## Work item
From the listing below, restate word for word the lines from the line containing "Le classi seconde" down through the line containing "Ponceuse Orbitale Aléatoire". Exclude pictures.

[[ Supplied data, beginning ]]

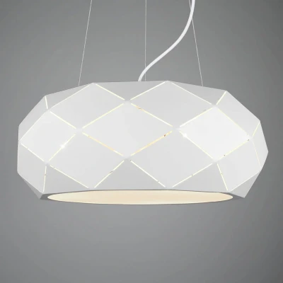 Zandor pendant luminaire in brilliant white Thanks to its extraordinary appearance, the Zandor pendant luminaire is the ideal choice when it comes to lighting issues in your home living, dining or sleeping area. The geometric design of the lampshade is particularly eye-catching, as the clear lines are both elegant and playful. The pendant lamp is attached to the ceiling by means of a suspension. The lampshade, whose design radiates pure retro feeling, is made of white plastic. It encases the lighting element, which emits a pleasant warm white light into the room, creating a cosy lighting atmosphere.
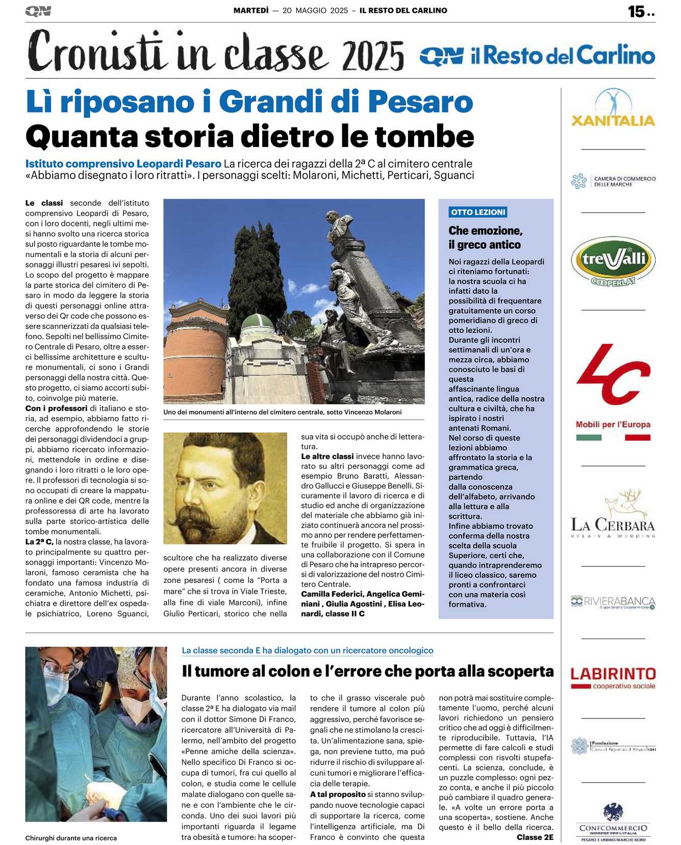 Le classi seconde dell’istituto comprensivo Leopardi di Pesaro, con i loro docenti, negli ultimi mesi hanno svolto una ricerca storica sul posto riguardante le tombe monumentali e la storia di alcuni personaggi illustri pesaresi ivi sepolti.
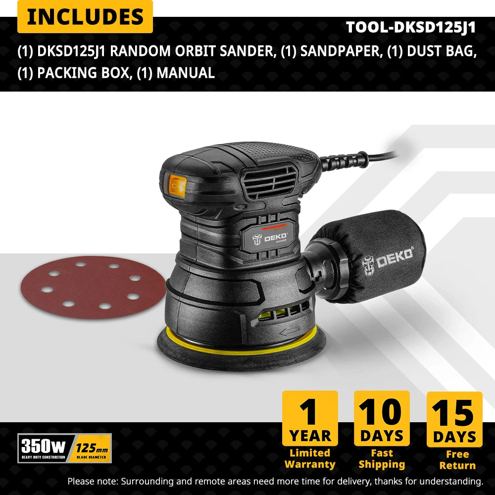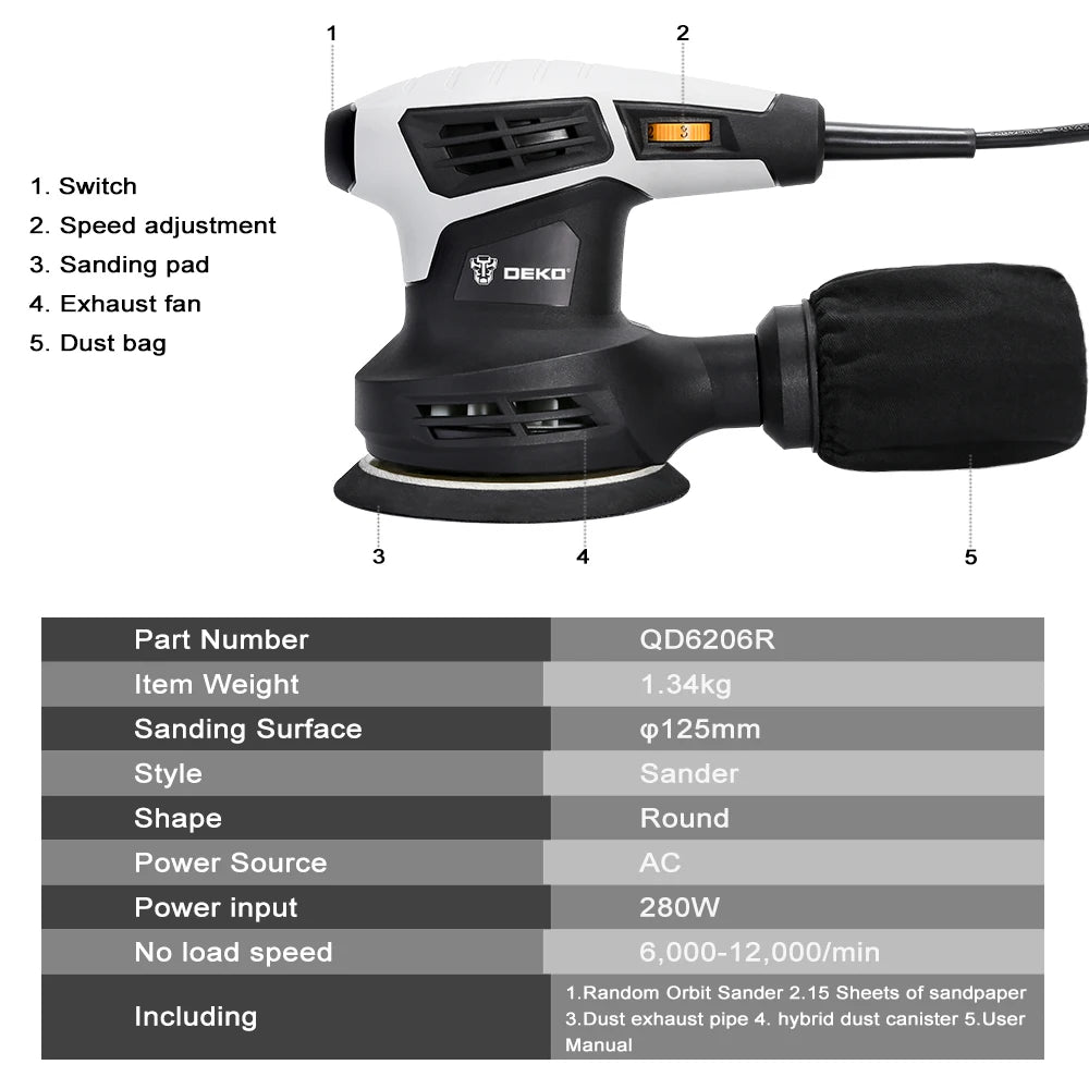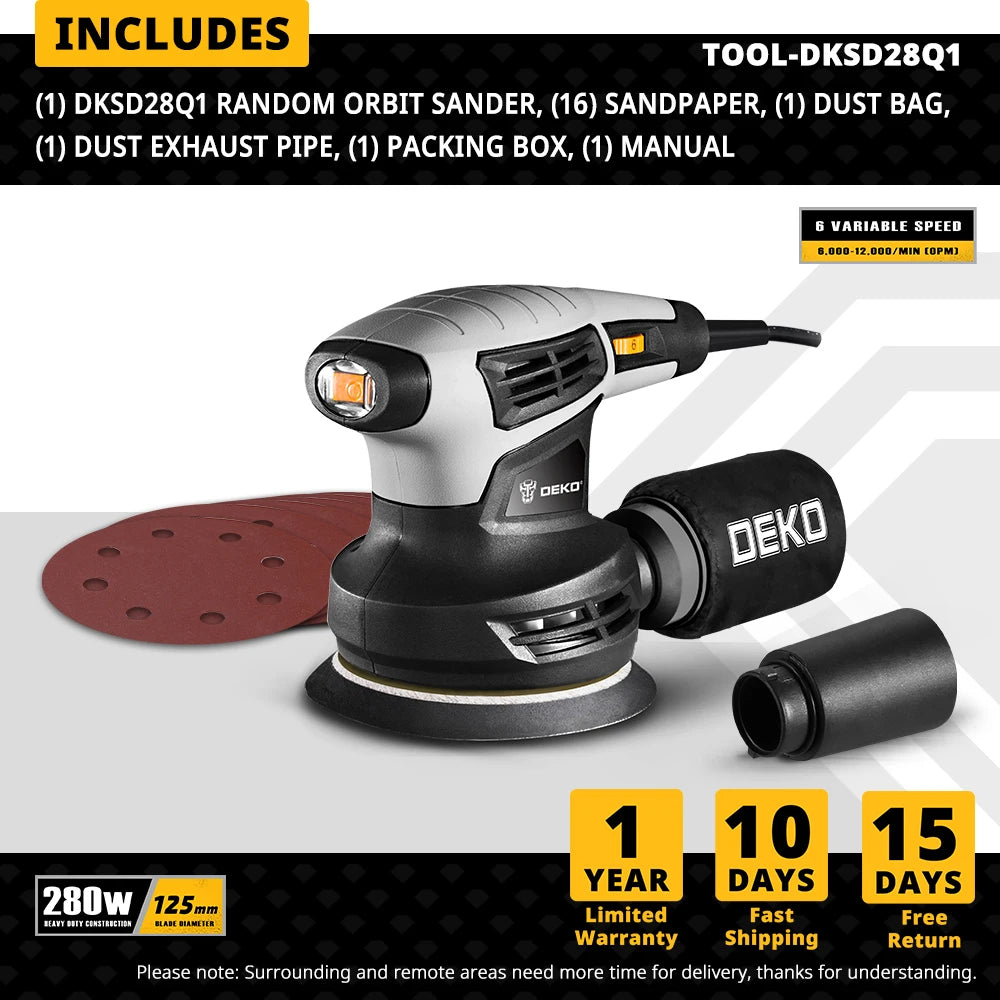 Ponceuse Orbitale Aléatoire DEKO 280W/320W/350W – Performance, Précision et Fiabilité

[[ Supplied data, end ]]
[[ Supplied data, beginning ]]

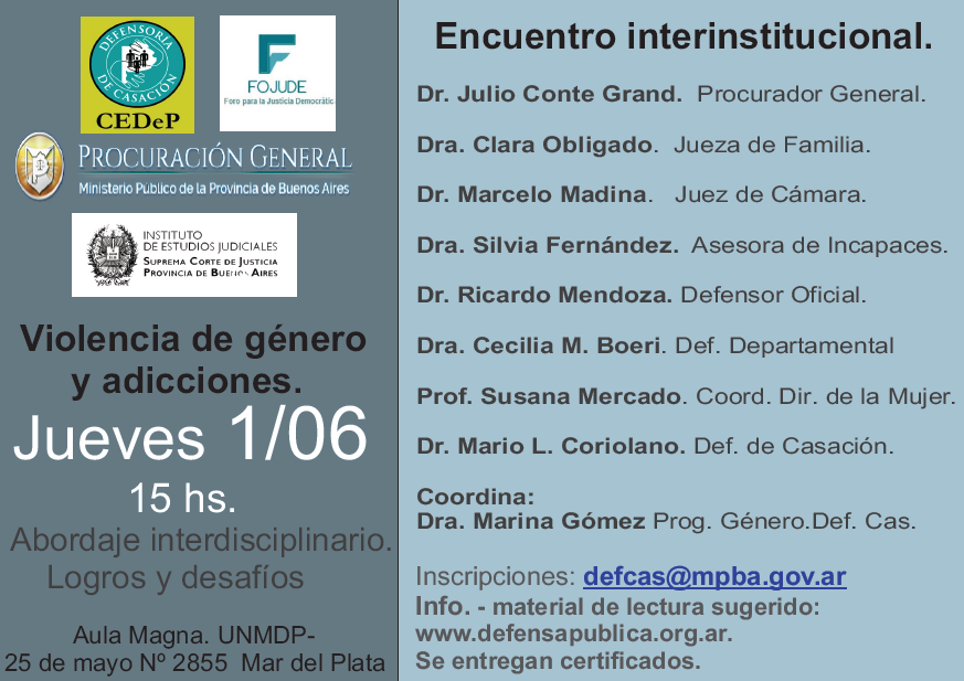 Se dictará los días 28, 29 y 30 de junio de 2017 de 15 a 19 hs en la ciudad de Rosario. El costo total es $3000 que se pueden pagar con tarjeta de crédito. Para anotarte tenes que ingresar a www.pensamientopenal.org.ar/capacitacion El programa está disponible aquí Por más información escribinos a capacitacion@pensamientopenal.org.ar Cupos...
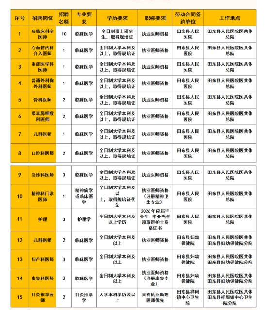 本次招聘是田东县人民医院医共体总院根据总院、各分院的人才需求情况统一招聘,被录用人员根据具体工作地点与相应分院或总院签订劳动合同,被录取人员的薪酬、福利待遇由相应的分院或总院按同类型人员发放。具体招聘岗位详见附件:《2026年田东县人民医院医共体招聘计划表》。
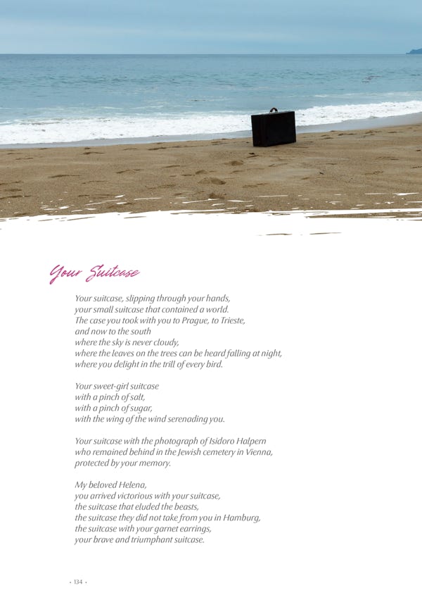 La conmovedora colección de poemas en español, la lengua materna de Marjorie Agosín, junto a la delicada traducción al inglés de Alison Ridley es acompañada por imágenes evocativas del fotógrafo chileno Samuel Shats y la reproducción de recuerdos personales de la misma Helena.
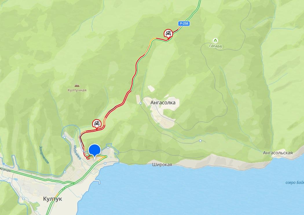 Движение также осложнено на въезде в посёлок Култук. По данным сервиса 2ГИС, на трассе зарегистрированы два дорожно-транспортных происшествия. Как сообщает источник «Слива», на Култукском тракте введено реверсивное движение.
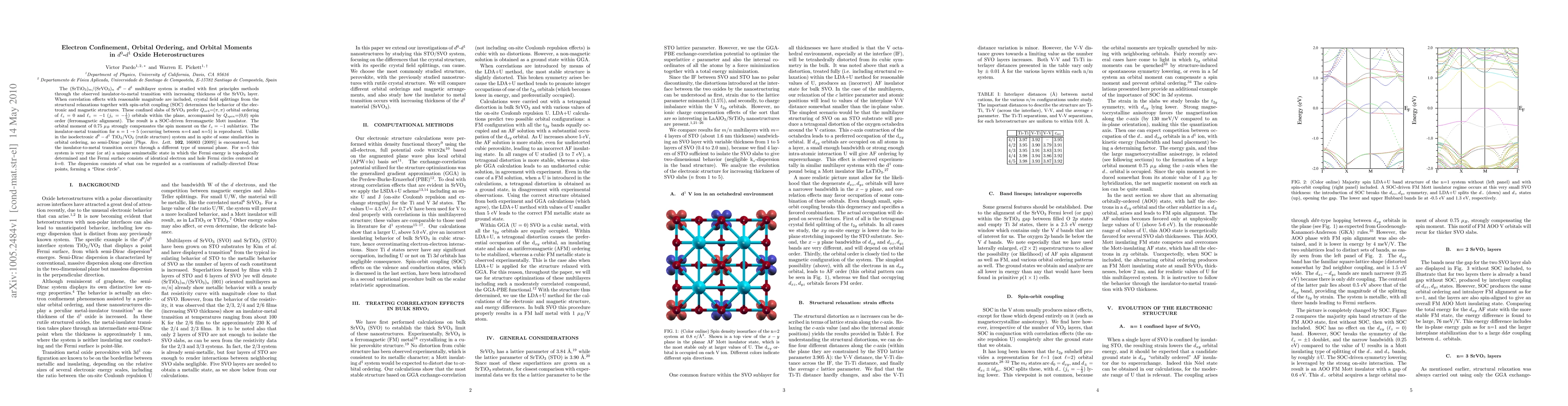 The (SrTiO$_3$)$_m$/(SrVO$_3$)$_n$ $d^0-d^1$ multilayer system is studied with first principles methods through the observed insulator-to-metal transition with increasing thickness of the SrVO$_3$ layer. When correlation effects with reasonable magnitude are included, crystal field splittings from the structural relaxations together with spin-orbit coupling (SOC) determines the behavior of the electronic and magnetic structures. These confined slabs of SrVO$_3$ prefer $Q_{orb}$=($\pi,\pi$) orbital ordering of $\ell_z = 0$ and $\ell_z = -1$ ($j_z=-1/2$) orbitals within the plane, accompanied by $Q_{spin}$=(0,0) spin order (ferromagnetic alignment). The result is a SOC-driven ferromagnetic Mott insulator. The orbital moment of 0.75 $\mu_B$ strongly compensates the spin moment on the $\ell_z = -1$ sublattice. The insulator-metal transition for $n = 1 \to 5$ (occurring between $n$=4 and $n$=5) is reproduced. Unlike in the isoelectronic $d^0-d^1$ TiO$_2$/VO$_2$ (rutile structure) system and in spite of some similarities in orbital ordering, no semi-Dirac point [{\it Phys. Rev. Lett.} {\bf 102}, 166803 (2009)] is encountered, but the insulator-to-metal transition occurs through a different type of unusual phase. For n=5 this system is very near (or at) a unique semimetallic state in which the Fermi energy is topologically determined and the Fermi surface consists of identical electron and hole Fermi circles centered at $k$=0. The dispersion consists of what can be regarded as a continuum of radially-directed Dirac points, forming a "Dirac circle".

[[ Supplied data, end ]]

## Answer section
 Le classi seconde dell’istituto comprensivo Leopardi di Pesaro, con i loro docenti, negli ultimi mesi hanno svolto una ricerca storica sul posto riguardante le tombe monumentali e la storia di alcuni personaggi illustri pesaresi ivi sepolti.
 Ponceuse Orbitale Aléatoire DEKO 280W/320W/350W – Performance, Précision et Fiabilité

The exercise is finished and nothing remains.